For established shrubs and small trees, moderate pruning has the effect of stimulating new, vital growth. Plants live in a balance between the above-ground and below-ground parts. When the plant loses a notable number of stems, especially in the top of the plant, it attempts to restore balance by pushing forth new growth to keep the top greenery in balance with the water an nutrients being pushed into it by the root system.

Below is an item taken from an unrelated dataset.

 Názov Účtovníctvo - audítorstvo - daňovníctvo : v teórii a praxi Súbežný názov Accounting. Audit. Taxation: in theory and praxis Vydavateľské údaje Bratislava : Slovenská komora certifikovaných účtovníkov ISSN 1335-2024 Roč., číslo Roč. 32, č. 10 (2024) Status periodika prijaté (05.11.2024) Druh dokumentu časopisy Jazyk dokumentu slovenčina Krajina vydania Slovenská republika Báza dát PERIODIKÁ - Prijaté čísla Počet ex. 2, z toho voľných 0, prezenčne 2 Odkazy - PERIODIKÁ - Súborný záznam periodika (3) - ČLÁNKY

This regrowth is a great thing in moderation: It’s how plants heal, and how pruning can stimulate growth from dormant buds. But when a plant loses too much of its leafy growth, it goes into a kind of shock or panic mode. At this point, it may try to also regrow from suckers or water sprouts—a tendency that can leave the plant ragged looking. Once suckering begins, it has a tendency to continue for quite some time.

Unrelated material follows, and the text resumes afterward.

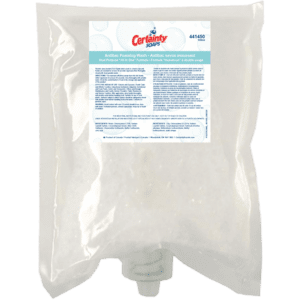 Certainty Antibac Foaming Hand Wash keeps your hands germ-free! This soap is specially formulated to provide a rich lather that gently and effectively cleanses and moiturizes your hands. Use with one of our high quality, contemporary dispenser systems that come in white, black or faux stainless. Fragrance-free and dye-free 1785 hand washes per foam soap cartridge Each pouch contains 1000 ml No-drip pump provided with every refill Enriched with soothing moisturizers

Too little pruning, on the other hand, does little to stimulate any new growth at all. While it may help provide some minor shaping to the plant, timid pruning won't really stimulate new stem growth the way a decent 1/3 pruning does.

For Established Shrubs and Small Trees Only

The 1/3 rule applies only to fully established shrubs and small trees. An "established" plant is one that has fully overcome its transplant shock. Newly planted shrubs and trees should be allowed a full season or two to get their root systems established before major pruning. With larger shrubs that have been transplanted, this shock may last several years. Any shrub that requires supplemental watering during non-drought periods is still in its period of transplant shock and should not yet be subjected to major pruning. Prune too much, too early, and you may stunt the tree just at the point where it needs lots of top greenery to support the development of its new root system.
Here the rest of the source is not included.